London Metal Exchange
- Formation: 1877; 149 years ago
- Purpose: Trading in metals and metals-related contracts
- Owner: Hong Kong Exchanges and Clearing
- Website: lme.com

= London Metal Exchange =

Futures exchange in London, England

The London Metal Exchange (LME) is a futures and forwards exchange in London, United Kingdom with the world's largest market in standardised forward contracts, futures contracts and options on base metals. The exchange also offers contracts on ferrous metals and precious metals. The company also allows for cash trading. It offers hedging, worldwide reference pricing, and the option of physical delivery to settle contracts.

== Overview ==
===Ring trading===
Trading times are 11:40 to 17:00.

The LME is the last exchange in Europe where open-outcry trading takes place. The ring was temporarily closed in March 2020 due to the COVID-19 pandemic. In January 2021, LME proposed closing the ring, Europe's last open-outcry trading floor, and moving permanently to an electronic system. However, the ring reopened in September of the same year after resistance from members.

In addition to the 9 companies that have exclusive rights to trade in the ring, around 100 companies are involved in the LME in total.

===Precious metals===
The LME used, however, to provide trade matching and clearing services to the London bullion market and distributes gold, silver, and gold IRS (interest rate swaps) forward rates on behalf of the LBMA.

===Electronic trading===
The LME launched an electronic platform called LME Select launched in February 2001. This was developed by a Swedish software house Cinnober. The platform is a FIX-based trading platform, and now handles a majority of the total LME business.

===LME Clear===
LME Clear is the clearing house for the London Metal Exchange. Launched in 2014 it was designed and built in consultation with the market to provide cost-efficient, EMIR compliant clearing and settlement services, using cutting-edge technology.
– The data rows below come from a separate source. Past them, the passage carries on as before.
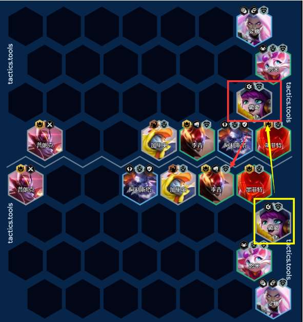 第二排的最右边会多一个格子,这个格子能够让璐璐第一个技能会直接击中前排的坦克,作为跳板击杀后排。
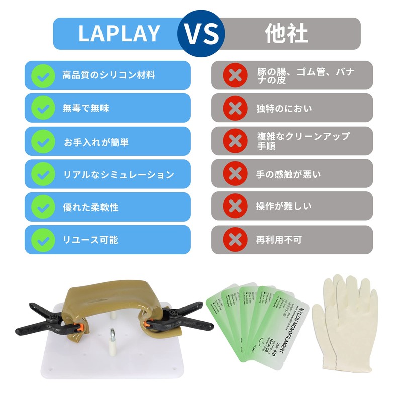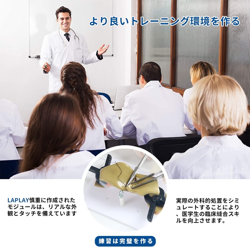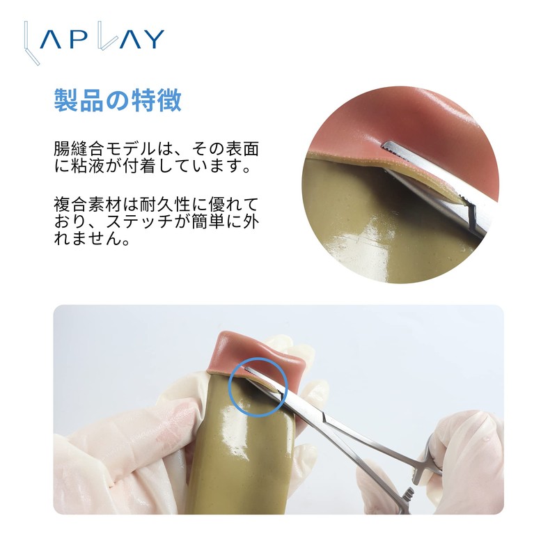 - [FULL SEWING EXERCISE KIT]: The LAPLAY simulated intestinal model practice kit for surgical training includes 1 (20cm) intestinal model, 1 support table, 2 retaining clips, 5 x sewing thread with needle (4/0 nylon) and 1 x glove medical disposable
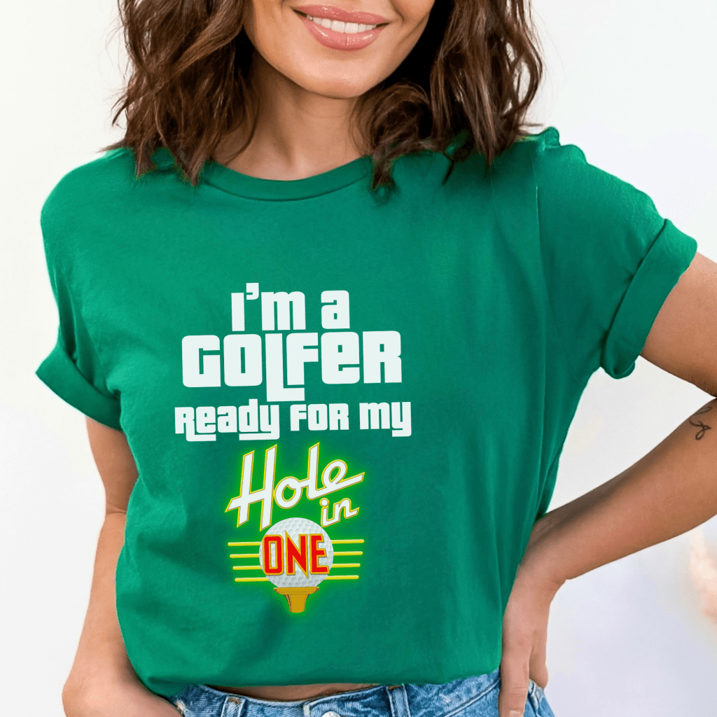 Get ready to stand out to Drew Carey with this Price is Right Shirt for Golf Enthusiasts! Featuring the catchy phrase “I’m a Golfer Ready for my Hole in One,” this Retro Game Show T-Shirt is perfect for live contestants looking to make a statement. Whether you’re hoping to Come On Down, or simply want a fun Pick Me Price is Right Tee, this is the ultimate shirt for your game show experience!
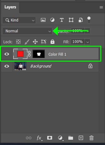To blend the new color into the shirt, you need to change the blend mode of the new fill layer.ย To do this, make sure the new fill layer is selected and click on the layer blending mode at the top of the Layers Panel. Then, select Multiply from the options in the drop-down menu.ย

LME Clear has announced the appointment of David Warren as Chairman effective July 20, 2023. David will succeed Marco Strimer, who will step down as chairman at the end of his term of office.

==History==
LME can trace its history to metals trading in Royal Exchange, London.

It was purchased by Hong Kong Exchanges and Clearing in 2012.
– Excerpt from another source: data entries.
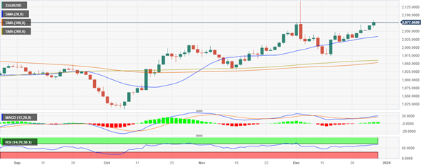Martín指出,从更广泛的角度来看,金价在20日简单移动平均线(SMA)、100日SMA和200日SMA上方的位置证实买家在整体趋势中的主导地位。高于这些均线水平通常表明市场环境看涨。
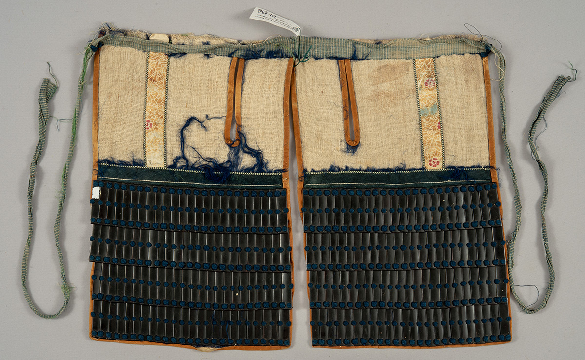 Dijelovi kompleta samurajskog oklopa datirani su prema utisnutim metalnim natpisima koje je dešifrirala i prevela dr. sc. Irena Srdanović, izv. prof., predstojnica Odsjeka i voditeljica studija na Odsjeku za azijske studije, japanski jezik i kulturu Filozofskoga fakulteta u Zagrebu. Dataciju su olakšale boje i trake te njihove specifične kombinacije, kao i tipologija dijelova štitnika karakteristična za određena stoljeća.
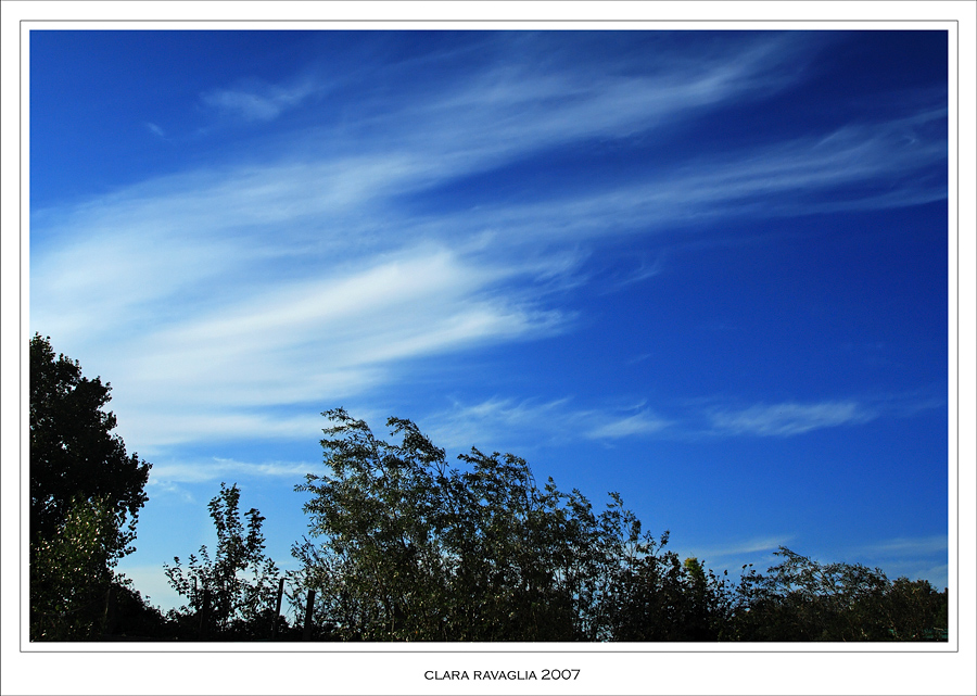 Bellissima immagine in cui le geometrie dele nubi su uno splendido sfondo blu, si uniscono ai rami degli alberi che mostrano tutta la dinamicità dovuta allo spirare del vento...
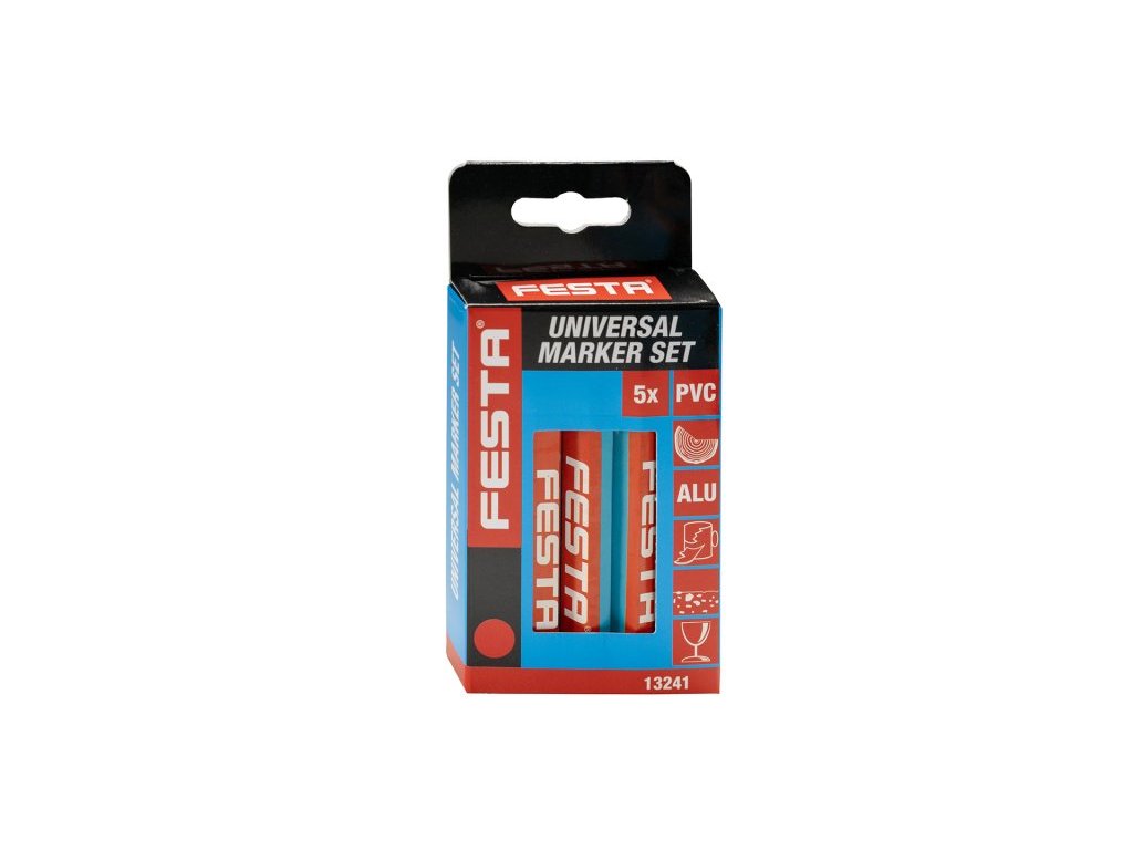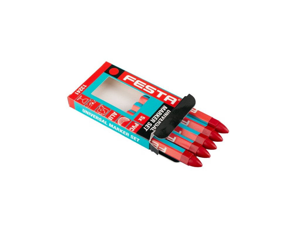 Sada pastelových popisovačů, délka 120 mm, v balení 5 ks - červená. Vhodné pro: zdivo, kovy, dřevo, sklo, plast, keramika.
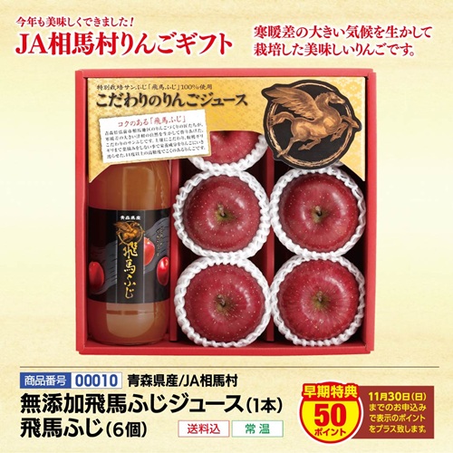 0010)青森県JA相馬村 無添加飛馬ふじジュース(1本) 飛馬ふじ(6個)
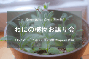 2025/10/12(土) わにの植物お譲り会 〜 Wani Green Market 10/12(日)13〜15時に、スタジオにある植物たちの中で、大きくなったものや、株分けに成功したものなどを、お手頃な価格でお譲りする会を開催します。お申し込み不要、出入り自由ですので、お気軽にお立ち寄りくださいませ。 …
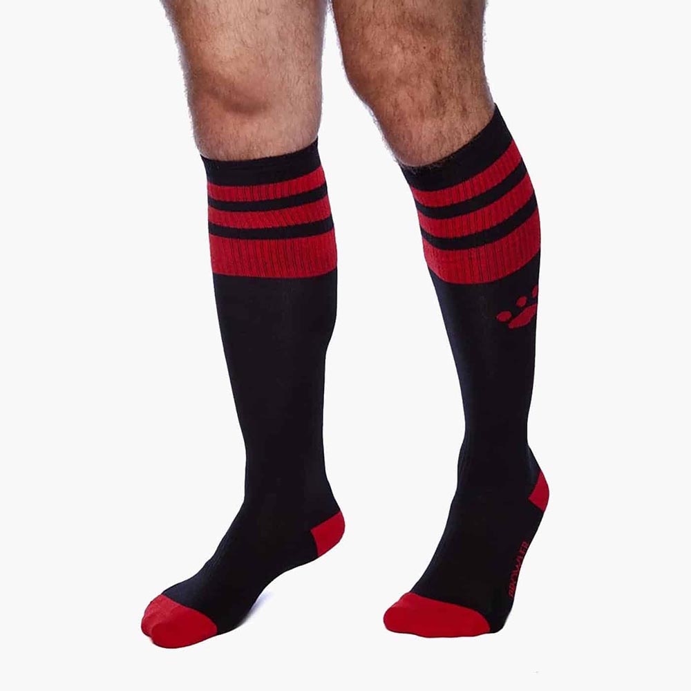 Made from soft material these black socks can ride up to the knee and feature three red coloured stripes at the top as well as the Prowler Paw logo just below them. You can choose from a variety of colours for a sporty masculine look.

In March 2022, LME was sued by Elliott Management, an American hedge fund. The hedge fund sued for $456 million, claiming that LME acted "unreasonably and irrationally" when it cancelled nickel trades made on 8 March, 2022. Jane Street Global Trading also sued LME for $15.3 million over its cancelled nickel trades in March. Both lawsuits were filed in the High Court of Justice. In November 2023, the court ruled in LME's favor, with Elliott and Jane Street appealing the decision to the Court of Appeals.

In March 2025, the Financial Conduct Authority fined the London Metal Exchange £9.2m after it failed to prevent extreme volatility in the nickel market in March 2022.